Find a number $A$ so that
- (1) $\lfloor A^{3^n} \rfloor$ is always odd for $n\geq 1$;($\lfloor x \rfloor$ is the largest integer not greater than $x.$)
- (2) $A>1$ and $A^{3^n}$ is never an integer for $n\geq 1$;(This is the place I have edited.)
- (3) There is a closed-form formula for $A.$(Series and integral can also be seen as a closed form.)
Mills' constant satisfies (1) and (2) but not (3) (so far).
We can construct a number satisfies (1) and (2) more easily than Mills' constant:
Let $a_1=1,a_{n+1}=a_n^3+2~(n\geq1).$ Denote $$A=\lim_{n\to \infty}a_n^{\frac{1}{3^n}}.$$ Then we can prove that $\lfloor A^{3^n} \rfloor=a_n,$ hence $A>1$ and $a_n$ is odd. The proof is very like to this. But I cannot find a closed-form formula for $A$ again.
Thanks in advance !
For any integer $m \ge 2$, let $A = m + \sqrt{m^2-1}$ and define a sequence $(T_n)_{n\in\mathbb{N}}$ by:
$$T_n = A^n + A^{-n}$$
It is easy to see $T_0 = 2$, $T_1 = 2m$ and $T_{n+2} = 2mT_{n+1} - T_{n}$ for any $n \ge 0$. From this, we can conclude $T_n$ is an even integer for any $n \ge 0$.

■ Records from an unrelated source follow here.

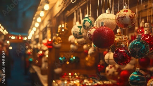 Naklejka premium A Christmas market stall selling handmade ornaments, with warm glowing lights...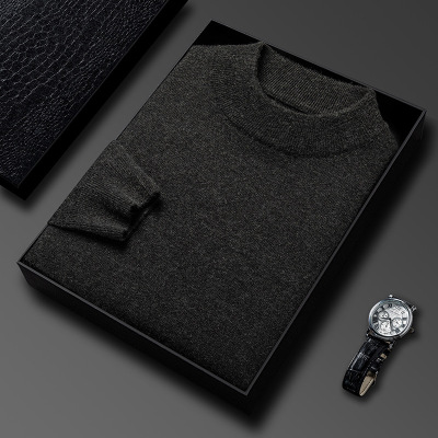 半高领秋冬新款山羊绒衫男士宽松显瘦厚款毛衣针织打底衫厚款保暖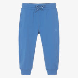 These bright blue joggers for little boys by Mayoral are a comfortable choice for casual wear. Made in soft cotton blend jersey, they have useful side seam pockets and an elasticated waist with a drawstring for a great fit. A small tonal logo adds a touch of branding.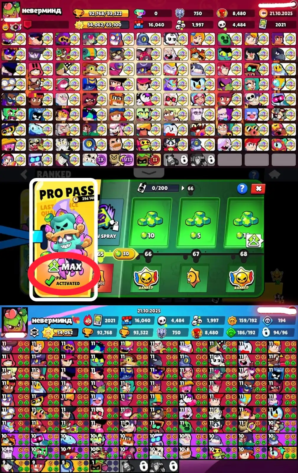 🔥 93,522 TROPHY 🔥 | 🃏 94/95 BRAWLERS 🃏 | 69 MAXED BRAWLERS 😈 | 287 SKINS 👒 | XP 188 | 🔑 FULL MAIL ACCESS 🔒 | 93K 🏆 | HYPERCHARGED 55 ✨ | LEON,SPIKE,SHELLY,SURGE,AMBER,CROW

It is also clear $A > 1$ and hence for all $n \ge 1$, we have:
$$\begin{align}0 < A^{-(3^n)} < 1 \implies & T_{3^n} - 1 < A^{3^n} = T_{3^n} - A^{-(3^n)} < T_{3^n}\\ \implies & \lfloor A^{3^n} \rfloor = T_{3^n} - 1 \text{ is an odd integer.} \end{align}$$